▶ What you will do: Reproduce the listing word for word, leaving every picture behind.

▶ Given material:
§ §

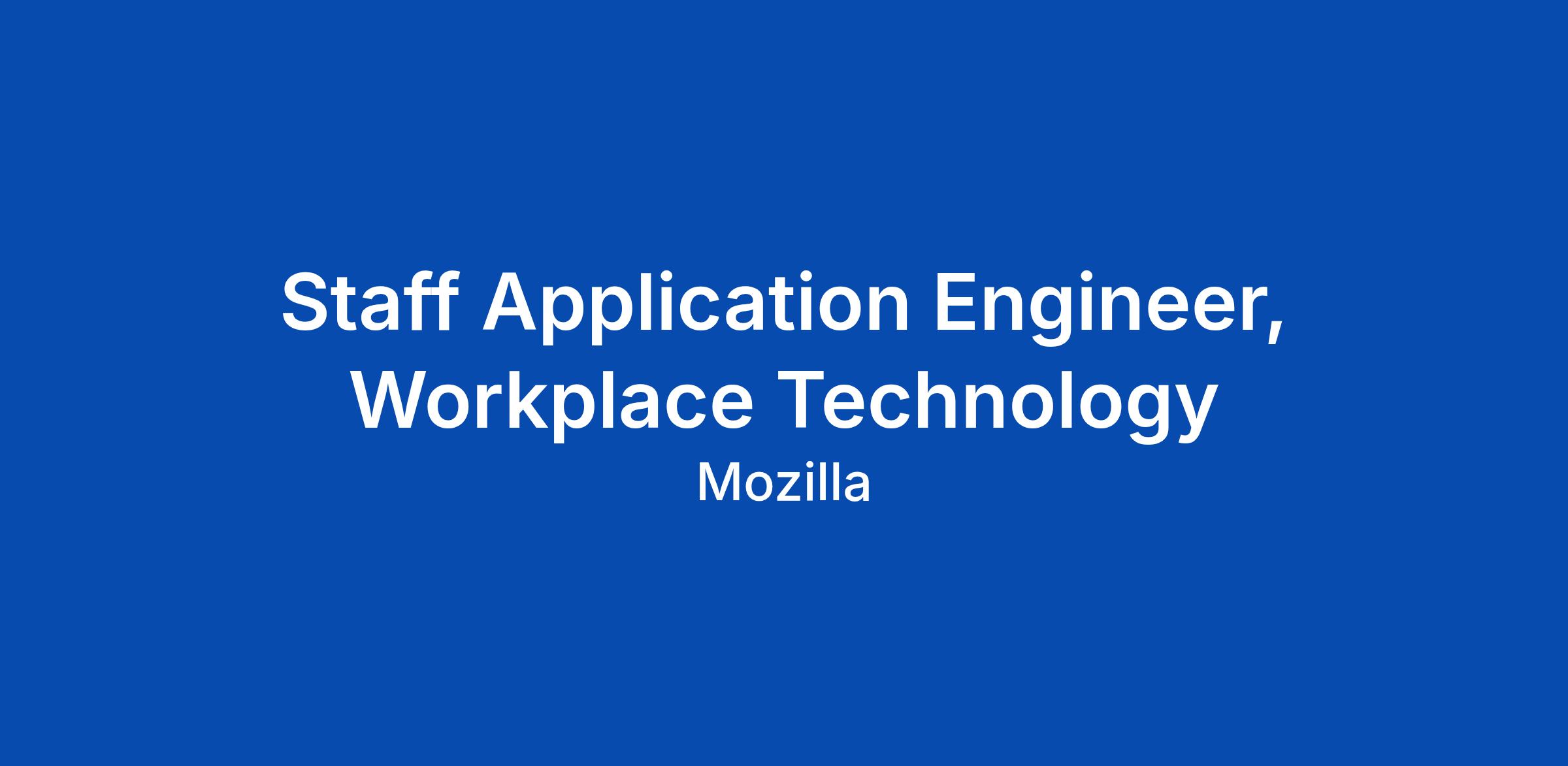 Staff Application Engineer, Workplace Technology
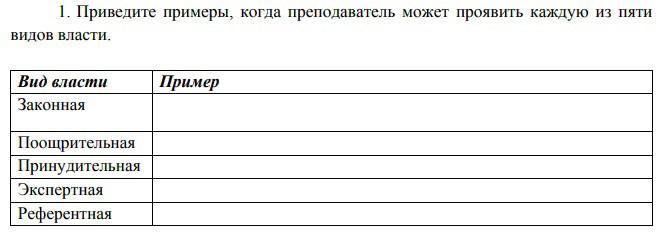 Экспертная власть - это способность преподавателя влиять на учеников в силу своей подготовленности, уровня образования, опыта, таланта, умений и навыков. Как руководитель учебного процесса, он настаивает на выполнении порученной работы. Одна из целей: выполнение учебного плана.
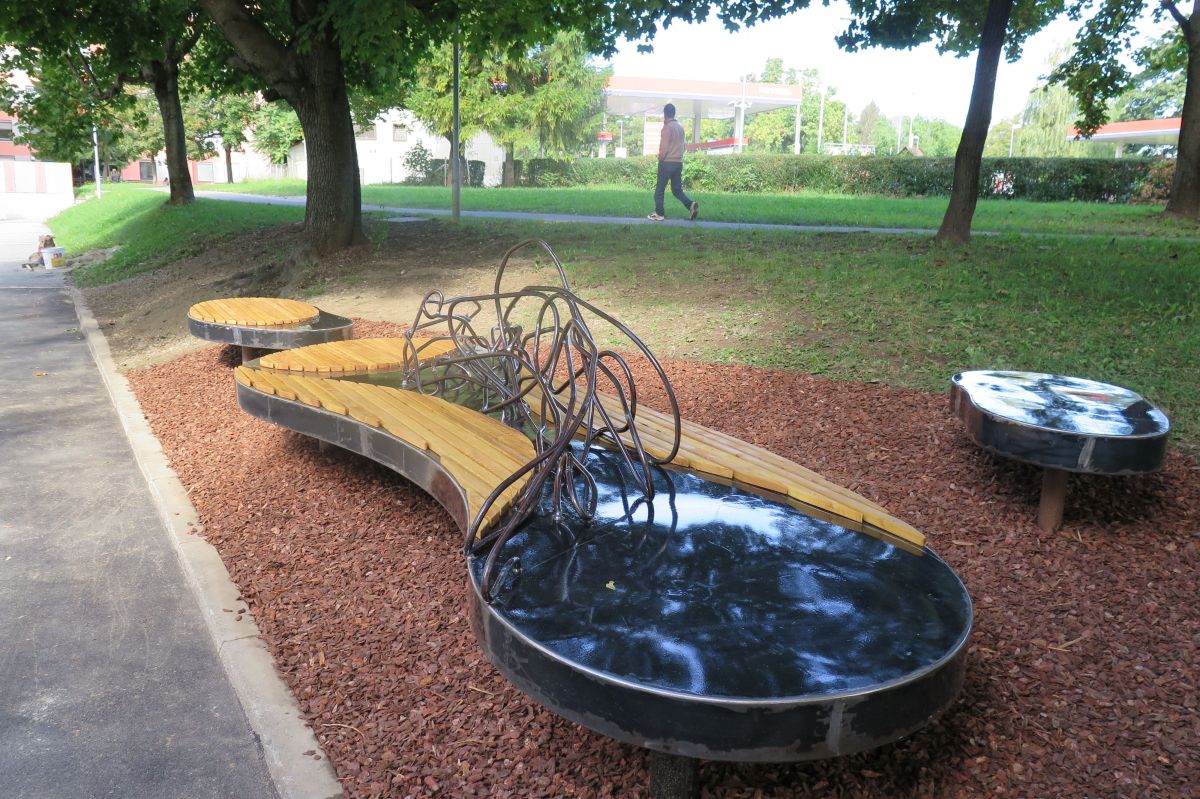 »Oblake solidarnosti, ki jo danes izredno potrebujemo, še posebej med mladimi,« je pojasnil Jurak. Za naslon je uporabil rabljeno kovinsko ogrodje iz konstrukcije mostu, ki ga je umetniško prepletel. »Mladim želim sporočiti, naj se povežejo in naj bodo trdni v svojih prepričanjih in dejanjih,« je pojasnil.

§ §

▶ Answer below:
 Staff Application Engineer, Workplace Technology
 Экспертная власть - это способность преподавателя влиять на учеников в силу своей подготовленности, уровня образования, опыта, таланта, умений и навыков. Как руководитель учебного процесса, он настаивает на выполнении порученной работы. Одна из целей: выполнение учебного плана.
 »Oblake solidarnosti, ki jo danes izredno potrebujemo, še posebej med mladimi,« je pojasnil Jurak. Za naslon je uporabil rabljeno kovinsko ogrodje iz konstrukcije mostu, ki ga je umetniško prepletel. »Mladim želim sporočiti, naj se povežejo in naj bodo trdni v svojih prepričanjih in dejanjih,« je pojasnil.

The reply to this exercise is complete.